● Problem
If a line in the records below holds the string "some", count it, and state only the final count.

● Given records
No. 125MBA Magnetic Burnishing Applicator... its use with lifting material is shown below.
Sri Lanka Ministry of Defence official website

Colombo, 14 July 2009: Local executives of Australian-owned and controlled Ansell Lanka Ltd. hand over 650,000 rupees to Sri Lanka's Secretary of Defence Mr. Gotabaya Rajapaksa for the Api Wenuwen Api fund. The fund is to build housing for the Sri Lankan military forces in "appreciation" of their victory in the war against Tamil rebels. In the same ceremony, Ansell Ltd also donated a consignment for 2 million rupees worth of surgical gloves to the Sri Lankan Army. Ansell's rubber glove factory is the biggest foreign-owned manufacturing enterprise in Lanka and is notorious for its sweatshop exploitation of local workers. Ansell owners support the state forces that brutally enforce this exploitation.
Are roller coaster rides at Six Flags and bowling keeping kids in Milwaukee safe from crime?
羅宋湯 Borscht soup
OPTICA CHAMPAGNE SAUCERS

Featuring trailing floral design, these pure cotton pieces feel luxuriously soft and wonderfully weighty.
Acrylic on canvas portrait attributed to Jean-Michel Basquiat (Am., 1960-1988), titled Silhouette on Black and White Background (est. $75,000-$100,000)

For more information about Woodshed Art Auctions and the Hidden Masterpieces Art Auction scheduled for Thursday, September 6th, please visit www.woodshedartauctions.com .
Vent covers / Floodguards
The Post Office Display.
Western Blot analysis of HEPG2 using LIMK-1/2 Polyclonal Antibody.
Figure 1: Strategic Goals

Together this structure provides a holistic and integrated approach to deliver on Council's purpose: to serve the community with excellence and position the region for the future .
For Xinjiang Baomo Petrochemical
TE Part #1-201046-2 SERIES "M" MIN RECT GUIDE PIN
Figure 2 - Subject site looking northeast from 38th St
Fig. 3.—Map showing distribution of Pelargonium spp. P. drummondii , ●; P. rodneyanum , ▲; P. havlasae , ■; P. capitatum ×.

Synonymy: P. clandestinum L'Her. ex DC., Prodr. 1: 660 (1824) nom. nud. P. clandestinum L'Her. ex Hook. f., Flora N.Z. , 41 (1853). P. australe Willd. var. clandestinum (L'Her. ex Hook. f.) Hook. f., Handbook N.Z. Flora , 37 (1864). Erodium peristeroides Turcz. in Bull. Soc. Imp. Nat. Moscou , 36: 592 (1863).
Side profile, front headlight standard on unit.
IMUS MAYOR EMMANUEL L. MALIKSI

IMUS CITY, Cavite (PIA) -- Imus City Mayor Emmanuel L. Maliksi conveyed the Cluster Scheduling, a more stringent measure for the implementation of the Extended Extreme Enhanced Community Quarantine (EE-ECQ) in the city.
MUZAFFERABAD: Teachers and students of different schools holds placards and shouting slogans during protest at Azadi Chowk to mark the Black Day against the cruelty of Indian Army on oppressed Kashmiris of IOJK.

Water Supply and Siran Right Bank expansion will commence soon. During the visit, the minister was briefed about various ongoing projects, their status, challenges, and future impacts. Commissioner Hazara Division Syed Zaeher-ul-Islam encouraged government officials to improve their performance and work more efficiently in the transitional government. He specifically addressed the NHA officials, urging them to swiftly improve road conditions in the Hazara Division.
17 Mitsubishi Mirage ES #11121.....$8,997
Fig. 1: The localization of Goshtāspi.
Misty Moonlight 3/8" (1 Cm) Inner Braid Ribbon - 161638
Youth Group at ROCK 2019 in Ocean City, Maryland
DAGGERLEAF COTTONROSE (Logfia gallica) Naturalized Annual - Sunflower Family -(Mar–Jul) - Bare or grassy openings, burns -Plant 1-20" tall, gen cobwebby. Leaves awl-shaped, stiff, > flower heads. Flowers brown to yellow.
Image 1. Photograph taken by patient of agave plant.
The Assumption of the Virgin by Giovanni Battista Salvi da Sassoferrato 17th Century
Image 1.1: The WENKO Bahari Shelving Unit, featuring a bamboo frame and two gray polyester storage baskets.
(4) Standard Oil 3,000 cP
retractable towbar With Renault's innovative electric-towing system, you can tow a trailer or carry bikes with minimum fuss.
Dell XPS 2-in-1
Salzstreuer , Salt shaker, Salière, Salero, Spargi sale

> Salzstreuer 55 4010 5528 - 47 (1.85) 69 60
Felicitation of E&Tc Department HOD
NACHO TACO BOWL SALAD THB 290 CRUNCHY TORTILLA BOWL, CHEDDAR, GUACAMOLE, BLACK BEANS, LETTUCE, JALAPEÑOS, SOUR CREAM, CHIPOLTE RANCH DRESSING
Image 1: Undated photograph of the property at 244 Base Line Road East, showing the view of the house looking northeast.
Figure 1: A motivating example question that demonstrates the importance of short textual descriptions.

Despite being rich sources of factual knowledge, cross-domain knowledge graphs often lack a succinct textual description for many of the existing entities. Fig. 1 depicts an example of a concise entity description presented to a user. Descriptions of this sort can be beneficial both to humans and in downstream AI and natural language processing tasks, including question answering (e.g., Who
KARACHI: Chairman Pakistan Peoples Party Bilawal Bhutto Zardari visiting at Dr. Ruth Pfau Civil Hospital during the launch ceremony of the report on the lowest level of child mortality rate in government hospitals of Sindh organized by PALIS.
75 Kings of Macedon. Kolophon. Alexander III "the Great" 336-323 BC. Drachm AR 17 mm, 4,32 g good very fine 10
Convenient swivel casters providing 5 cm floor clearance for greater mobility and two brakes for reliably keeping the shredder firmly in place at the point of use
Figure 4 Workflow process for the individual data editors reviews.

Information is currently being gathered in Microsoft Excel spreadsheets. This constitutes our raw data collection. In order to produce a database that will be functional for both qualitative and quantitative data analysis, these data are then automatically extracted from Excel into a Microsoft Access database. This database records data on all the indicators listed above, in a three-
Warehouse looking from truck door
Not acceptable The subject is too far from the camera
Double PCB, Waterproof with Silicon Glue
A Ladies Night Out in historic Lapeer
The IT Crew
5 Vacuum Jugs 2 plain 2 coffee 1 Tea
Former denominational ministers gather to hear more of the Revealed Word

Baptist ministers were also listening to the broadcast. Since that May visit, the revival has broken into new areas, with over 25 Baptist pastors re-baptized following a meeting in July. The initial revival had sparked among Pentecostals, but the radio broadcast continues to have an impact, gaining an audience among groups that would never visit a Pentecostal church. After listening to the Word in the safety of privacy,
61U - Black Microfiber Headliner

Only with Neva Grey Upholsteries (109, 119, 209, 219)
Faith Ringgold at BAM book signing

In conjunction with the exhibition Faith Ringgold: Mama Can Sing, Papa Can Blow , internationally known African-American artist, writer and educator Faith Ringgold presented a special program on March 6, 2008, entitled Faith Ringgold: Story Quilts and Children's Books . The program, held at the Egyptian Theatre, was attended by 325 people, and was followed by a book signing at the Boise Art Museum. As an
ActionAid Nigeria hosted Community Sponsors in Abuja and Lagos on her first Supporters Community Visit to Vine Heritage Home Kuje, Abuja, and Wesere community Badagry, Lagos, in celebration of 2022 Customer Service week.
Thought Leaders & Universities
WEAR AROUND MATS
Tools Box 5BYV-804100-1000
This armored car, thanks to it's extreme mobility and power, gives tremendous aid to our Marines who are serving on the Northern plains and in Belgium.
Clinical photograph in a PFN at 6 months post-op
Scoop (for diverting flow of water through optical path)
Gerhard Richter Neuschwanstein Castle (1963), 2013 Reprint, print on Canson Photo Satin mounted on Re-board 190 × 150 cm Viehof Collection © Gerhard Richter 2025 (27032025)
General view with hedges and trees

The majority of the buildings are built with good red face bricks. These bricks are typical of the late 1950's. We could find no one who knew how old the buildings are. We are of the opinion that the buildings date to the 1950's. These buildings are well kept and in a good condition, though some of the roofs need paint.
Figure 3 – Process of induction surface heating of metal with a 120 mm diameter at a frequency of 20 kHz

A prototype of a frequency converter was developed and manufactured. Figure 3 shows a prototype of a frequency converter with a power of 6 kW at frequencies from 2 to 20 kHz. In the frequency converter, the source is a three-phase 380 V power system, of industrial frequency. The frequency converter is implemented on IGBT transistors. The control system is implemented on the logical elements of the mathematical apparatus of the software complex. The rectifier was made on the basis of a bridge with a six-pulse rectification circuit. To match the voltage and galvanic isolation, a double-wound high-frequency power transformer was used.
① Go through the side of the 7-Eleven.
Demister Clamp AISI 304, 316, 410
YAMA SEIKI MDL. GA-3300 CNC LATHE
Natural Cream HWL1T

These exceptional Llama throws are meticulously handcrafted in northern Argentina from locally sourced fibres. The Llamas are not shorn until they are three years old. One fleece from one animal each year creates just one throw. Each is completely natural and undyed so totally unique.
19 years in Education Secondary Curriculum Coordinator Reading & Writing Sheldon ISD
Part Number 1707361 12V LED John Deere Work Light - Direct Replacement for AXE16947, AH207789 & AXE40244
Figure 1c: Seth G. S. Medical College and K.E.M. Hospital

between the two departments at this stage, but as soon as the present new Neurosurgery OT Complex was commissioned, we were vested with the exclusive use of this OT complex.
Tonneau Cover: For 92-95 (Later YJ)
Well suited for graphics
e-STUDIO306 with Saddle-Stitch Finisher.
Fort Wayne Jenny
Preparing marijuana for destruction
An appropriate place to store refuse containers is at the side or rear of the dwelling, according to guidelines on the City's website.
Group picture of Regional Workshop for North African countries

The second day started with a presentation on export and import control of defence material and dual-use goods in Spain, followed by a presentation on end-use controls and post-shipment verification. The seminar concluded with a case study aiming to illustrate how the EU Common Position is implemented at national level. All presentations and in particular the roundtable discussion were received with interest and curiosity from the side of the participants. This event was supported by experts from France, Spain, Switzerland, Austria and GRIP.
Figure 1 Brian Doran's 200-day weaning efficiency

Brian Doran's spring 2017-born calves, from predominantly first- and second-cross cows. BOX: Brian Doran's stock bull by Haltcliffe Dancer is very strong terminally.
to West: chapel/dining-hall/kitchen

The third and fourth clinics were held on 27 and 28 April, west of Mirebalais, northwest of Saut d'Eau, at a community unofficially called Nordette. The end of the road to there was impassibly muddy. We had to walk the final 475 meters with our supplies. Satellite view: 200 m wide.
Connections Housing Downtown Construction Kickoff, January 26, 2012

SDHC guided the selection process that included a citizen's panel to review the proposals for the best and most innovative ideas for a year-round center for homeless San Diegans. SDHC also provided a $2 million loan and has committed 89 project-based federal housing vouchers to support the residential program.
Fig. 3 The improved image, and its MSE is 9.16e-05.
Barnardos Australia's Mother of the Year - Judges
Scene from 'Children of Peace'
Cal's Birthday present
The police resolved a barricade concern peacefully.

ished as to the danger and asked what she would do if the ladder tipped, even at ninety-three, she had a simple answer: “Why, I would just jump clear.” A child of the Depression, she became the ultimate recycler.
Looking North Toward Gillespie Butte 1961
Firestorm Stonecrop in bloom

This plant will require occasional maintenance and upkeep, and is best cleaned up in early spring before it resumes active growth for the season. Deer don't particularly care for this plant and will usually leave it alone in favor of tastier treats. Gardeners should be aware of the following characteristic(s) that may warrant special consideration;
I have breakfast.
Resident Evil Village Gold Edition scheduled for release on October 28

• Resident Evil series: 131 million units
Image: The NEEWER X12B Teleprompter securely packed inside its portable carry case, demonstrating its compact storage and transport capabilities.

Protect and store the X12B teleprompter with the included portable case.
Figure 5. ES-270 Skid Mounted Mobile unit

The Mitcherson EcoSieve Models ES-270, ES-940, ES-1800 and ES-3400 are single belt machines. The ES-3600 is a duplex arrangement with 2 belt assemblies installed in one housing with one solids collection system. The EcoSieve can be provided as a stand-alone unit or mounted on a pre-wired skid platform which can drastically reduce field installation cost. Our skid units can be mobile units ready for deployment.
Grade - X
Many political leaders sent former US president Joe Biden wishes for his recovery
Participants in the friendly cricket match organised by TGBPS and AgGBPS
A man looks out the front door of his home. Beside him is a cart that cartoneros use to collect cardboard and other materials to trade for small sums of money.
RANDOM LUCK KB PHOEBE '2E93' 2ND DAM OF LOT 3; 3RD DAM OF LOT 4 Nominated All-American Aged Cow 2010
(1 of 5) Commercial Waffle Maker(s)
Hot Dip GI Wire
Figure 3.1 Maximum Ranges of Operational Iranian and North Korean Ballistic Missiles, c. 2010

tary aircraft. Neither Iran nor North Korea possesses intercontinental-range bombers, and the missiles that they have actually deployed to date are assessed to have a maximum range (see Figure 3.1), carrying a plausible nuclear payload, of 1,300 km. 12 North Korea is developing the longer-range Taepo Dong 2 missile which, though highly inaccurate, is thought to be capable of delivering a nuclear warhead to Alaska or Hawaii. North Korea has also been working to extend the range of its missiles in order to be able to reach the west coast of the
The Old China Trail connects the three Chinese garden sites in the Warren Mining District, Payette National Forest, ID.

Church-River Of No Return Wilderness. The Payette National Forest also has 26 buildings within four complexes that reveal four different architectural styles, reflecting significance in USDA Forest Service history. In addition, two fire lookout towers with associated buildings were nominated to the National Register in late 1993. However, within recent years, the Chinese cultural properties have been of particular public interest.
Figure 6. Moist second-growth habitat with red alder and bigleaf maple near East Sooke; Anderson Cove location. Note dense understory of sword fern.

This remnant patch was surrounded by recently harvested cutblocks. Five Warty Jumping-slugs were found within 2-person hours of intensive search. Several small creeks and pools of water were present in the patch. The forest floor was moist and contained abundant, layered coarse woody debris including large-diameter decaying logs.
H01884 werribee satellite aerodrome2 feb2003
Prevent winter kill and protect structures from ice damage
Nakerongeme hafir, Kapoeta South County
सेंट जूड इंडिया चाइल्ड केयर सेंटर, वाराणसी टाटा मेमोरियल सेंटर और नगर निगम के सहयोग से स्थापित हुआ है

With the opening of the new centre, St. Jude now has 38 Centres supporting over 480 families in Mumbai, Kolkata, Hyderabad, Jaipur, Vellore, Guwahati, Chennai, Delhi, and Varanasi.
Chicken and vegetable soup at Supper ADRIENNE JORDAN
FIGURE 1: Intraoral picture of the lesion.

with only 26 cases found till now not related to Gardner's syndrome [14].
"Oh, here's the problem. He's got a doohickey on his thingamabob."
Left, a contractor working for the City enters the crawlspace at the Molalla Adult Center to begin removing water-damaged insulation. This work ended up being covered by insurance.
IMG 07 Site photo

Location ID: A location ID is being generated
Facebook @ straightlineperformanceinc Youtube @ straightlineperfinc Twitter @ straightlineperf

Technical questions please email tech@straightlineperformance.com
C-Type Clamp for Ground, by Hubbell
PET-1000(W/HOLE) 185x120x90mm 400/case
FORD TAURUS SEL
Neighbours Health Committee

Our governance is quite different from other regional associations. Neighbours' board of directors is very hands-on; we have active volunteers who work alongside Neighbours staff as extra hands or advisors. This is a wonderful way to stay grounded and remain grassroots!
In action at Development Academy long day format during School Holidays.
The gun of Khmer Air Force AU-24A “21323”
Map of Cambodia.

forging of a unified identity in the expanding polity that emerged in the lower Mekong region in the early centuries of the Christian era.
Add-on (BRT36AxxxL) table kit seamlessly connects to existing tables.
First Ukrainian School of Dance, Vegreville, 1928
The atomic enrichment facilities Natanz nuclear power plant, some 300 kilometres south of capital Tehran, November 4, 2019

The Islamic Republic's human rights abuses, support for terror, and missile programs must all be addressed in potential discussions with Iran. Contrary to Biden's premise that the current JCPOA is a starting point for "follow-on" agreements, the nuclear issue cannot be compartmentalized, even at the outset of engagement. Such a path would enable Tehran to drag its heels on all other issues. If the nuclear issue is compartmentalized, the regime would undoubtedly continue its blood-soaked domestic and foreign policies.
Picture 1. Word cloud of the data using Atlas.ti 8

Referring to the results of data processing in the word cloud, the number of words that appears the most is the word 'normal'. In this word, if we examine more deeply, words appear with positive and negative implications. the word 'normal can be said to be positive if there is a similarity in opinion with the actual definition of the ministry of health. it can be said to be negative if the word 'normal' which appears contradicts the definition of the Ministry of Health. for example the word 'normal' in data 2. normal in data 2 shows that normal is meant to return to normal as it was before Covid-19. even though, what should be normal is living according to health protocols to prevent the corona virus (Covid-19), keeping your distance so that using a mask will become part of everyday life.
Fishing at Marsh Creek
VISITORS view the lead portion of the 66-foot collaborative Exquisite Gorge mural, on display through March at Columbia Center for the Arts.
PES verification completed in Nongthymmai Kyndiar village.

● Exercise output
2